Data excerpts
=== Section Start ===
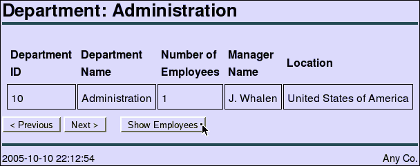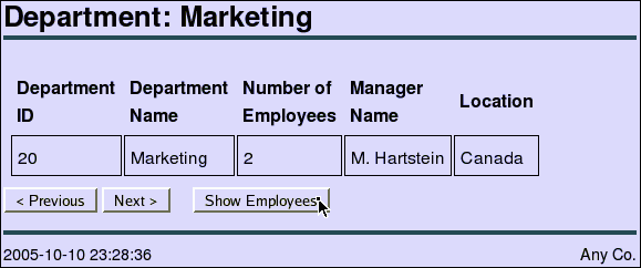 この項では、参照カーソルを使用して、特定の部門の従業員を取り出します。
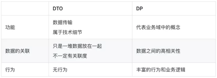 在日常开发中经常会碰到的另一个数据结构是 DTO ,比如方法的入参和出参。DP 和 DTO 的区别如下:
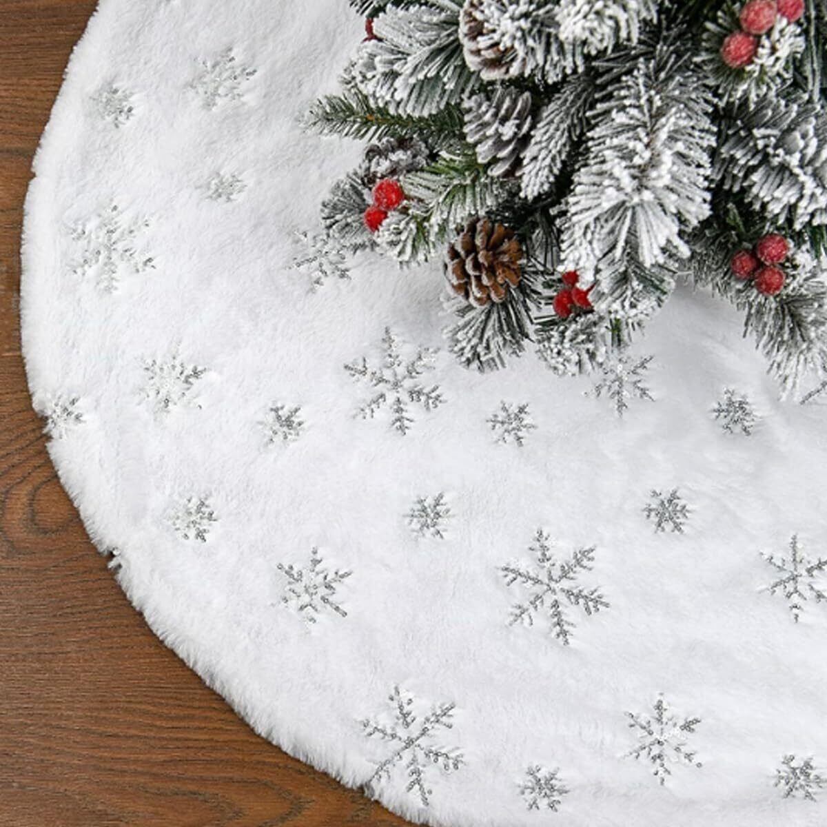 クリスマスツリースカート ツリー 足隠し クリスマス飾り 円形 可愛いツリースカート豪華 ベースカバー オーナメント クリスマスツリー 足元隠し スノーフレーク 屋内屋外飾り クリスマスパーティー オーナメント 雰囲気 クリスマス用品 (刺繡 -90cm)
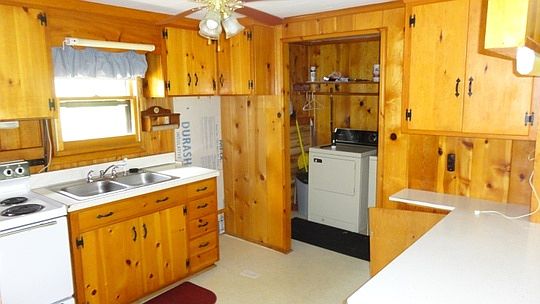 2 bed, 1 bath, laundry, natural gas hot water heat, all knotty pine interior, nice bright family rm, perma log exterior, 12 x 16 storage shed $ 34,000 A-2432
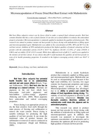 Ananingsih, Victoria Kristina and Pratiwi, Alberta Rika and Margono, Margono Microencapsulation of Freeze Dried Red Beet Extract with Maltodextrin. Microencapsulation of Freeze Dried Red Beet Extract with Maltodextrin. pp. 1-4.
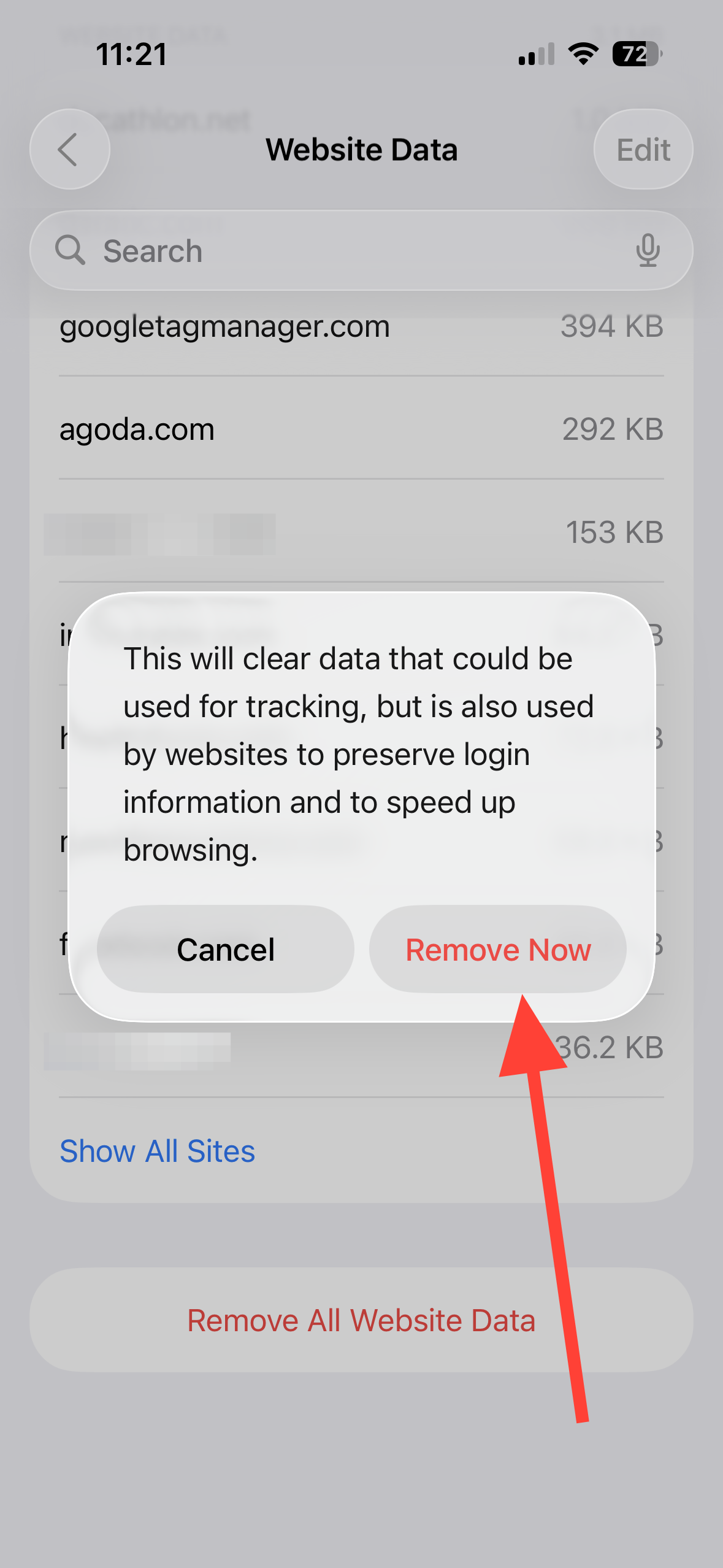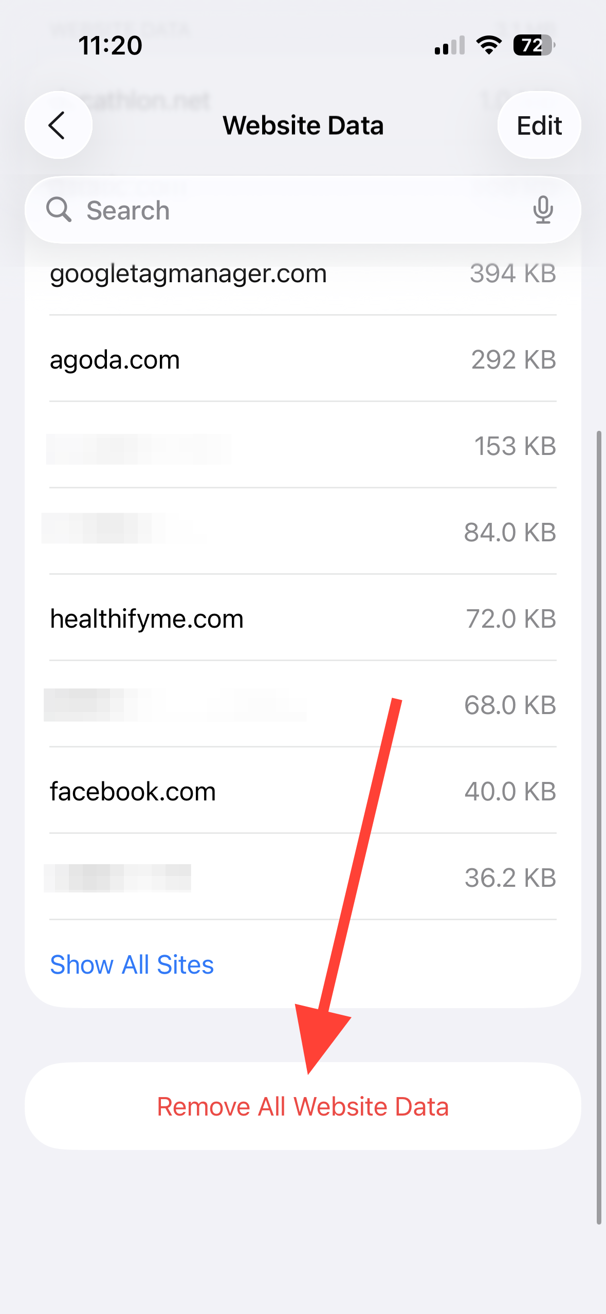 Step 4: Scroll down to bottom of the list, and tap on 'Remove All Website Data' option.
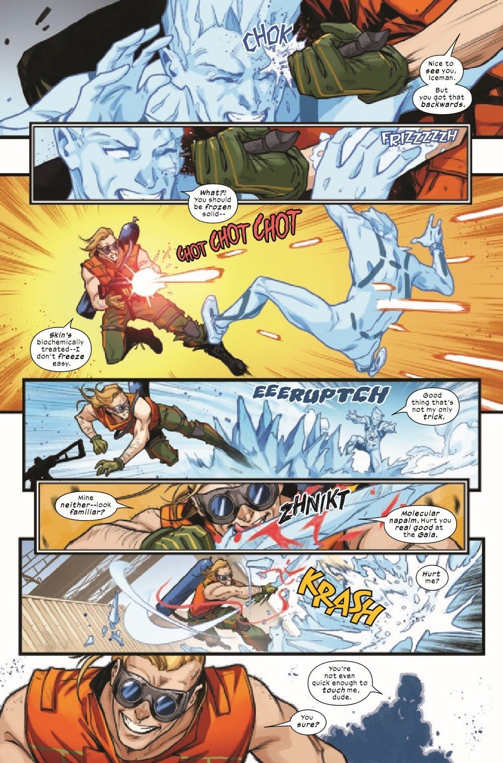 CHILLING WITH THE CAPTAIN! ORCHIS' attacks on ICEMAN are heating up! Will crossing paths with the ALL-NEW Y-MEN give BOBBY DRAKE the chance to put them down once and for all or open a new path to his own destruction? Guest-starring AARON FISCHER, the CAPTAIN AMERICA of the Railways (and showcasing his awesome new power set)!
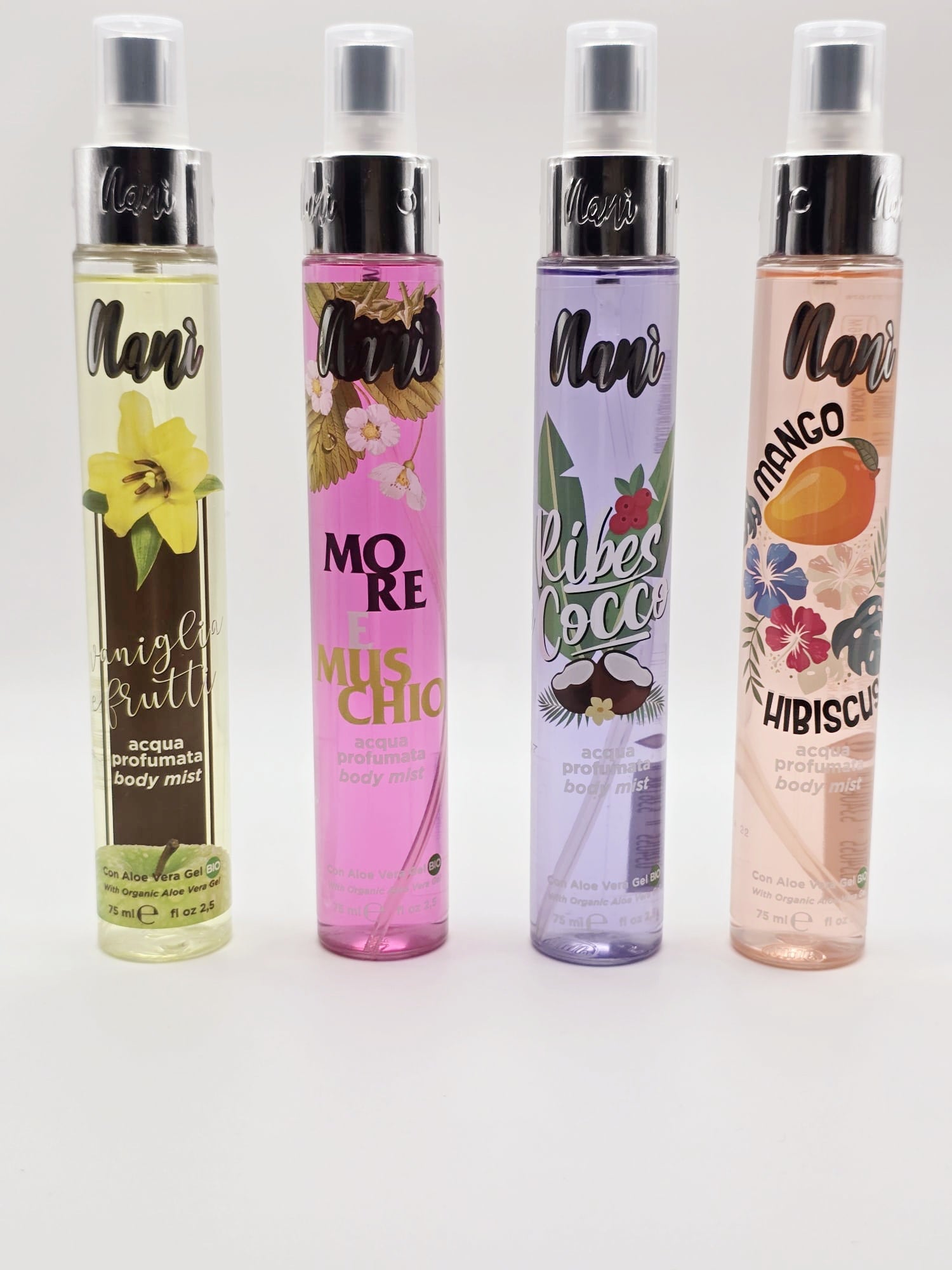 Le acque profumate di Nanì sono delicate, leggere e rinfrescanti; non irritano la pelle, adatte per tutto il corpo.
=== Section End ===
--- Task objective ---
Your copy must start at the line that holds "Step 4: Scroll" and end at the last line of the data, both included; it must contain no pictures.

--- Output below ---
 Step 4: Scroll down to bottom of the list, and tap on 'Remove All Website Data' option.
 CHILLING WITH THE CAPTAIN! ORCHIS' attacks on ICEMAN are heating up! Will crossing paths with the ALL-NEW Y-MEN give BOBBY DRAKE the chance to put them down once and for all or open a new path to his own destruction? Guest-starring AARON FISCHER, the CAPTAIN AMERICA of the Railways (and showcasing his awesome new power set)!
 Le acque profumate di Nanì sono delicate, leggere e rinfrescanti; non irritano la pelle, adatte per tutto il corpo.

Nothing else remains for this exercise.